Property taxes will be prorated. As for federal taxes, I recommend you seek tax advice from your CPA.
Lauren Kerschen

ARC Realty DFW

(1)

One way to answer is based on how you file taxes and the other way to answer is just based on how the process works in Texas. As far a property taxes, you pay a prorated amount for the year based on how many days you have owned the property that year. If you escrow your property taxes in to your mortgage, you will get a refund check for the balance of your escrow account from your mortgage company.

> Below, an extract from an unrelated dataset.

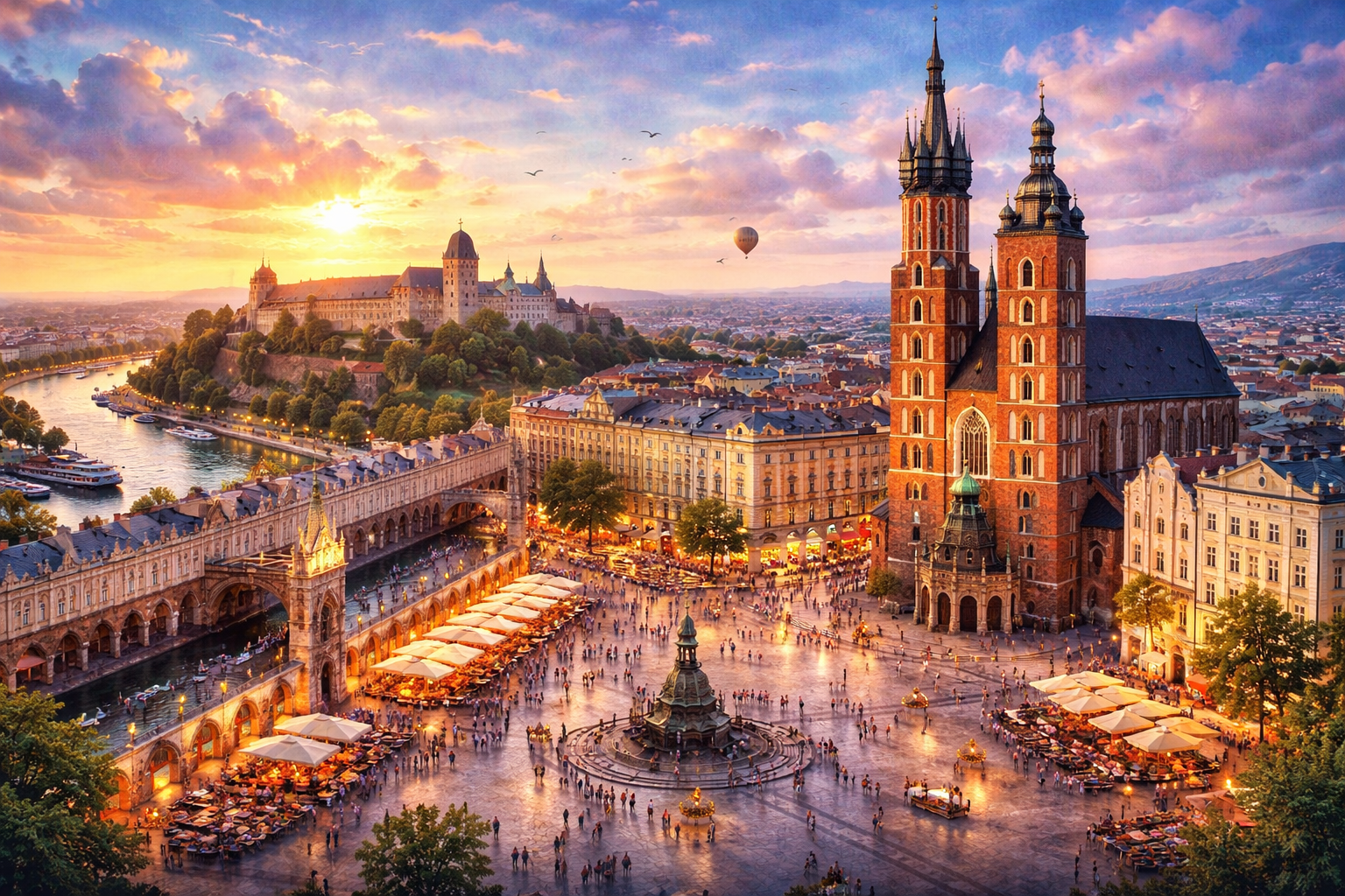 🏛️ 3️⃣ Pagrindinė turgaus aikštė (Rynek Główny)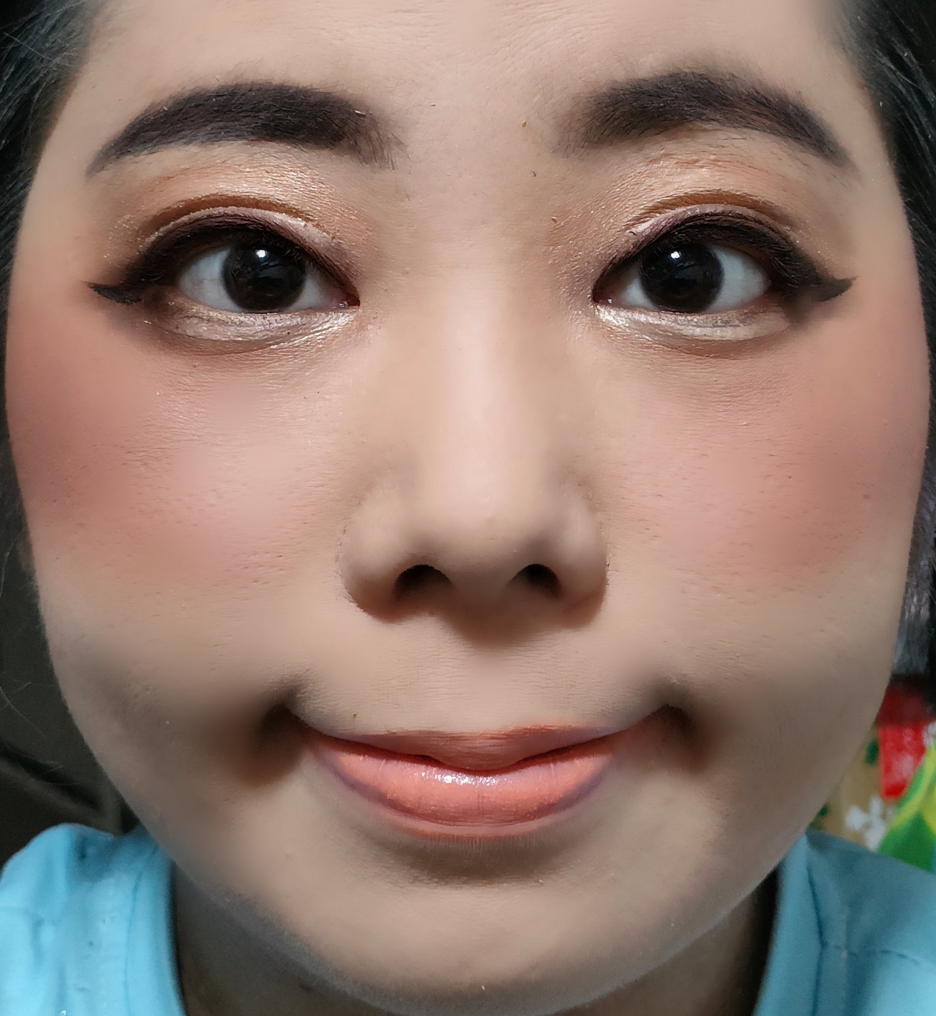 アリィー ニュアンスチェンジUV ジェル RSを、顔全体にまんべんなく塗ります。 RMK RMK ジェルクリーミィファンデーション 103を、顔全体にまんべんなく塗ります。 ジョンソンベビー ジョンソン ベビーパウダーを、顔全体にまんべんなく軽くはたきます。 THE BODY SHOP bronze shade warm glowを、両頬に塗ります。 KATE リフレクトミラーアイズ BR-1の締め色を、眉毛全体にまんべんなく塗ります。 URGLAM UR GLAMBLOOMING EYE COLOR PALETTE 01を、使用しました。 ちふれ リキッド アイライナー 筆ペンタイプ BK30 ブラックを、塗ります。 CEZANNE エアリーカールマスカラを、まつ毛全体にまんべんなく塗ります。 MAYBELLINE NEW YORK コロッサルボリュームエクスプレスを、まつ毛全体にまんべんなく塗ります。 MAYBELLINE NEW YORK SPステイ マットインク 135を、唇全体にまんべんなく塗ります。

If you are asking about capital gains taxes, this is a question for your CPA but depending on how you file your taxes (married or single) capital gains are limited unless you make over $250,000 profit (single) or $500,000 profit (married)
Miss Jamie Zapata, Broker

Jewel Real Estate

(14)

A real estate professional can provide you with an estimated profit sheet based on your specific situation at closing. It will include a full break down of all fees associated with selling your home using a broker. Things to consider are an existing mortgage payoff, property taxes, title policy for the next owner, escrow fees, broker compensation, home warranty, and any other miscellaneous items prior to closing. Your property taxes are prorated from January 1st until the day of closing between you and the next owner. Capital gains taxes depend on whether it's your primary residence and the total profit at closing. In most cases you may not owe any capital gains tax, but you may need advice from a tax professional. I'm a real estate broker located in San Antonio Texas if you have further questions. Good luck and happy selling.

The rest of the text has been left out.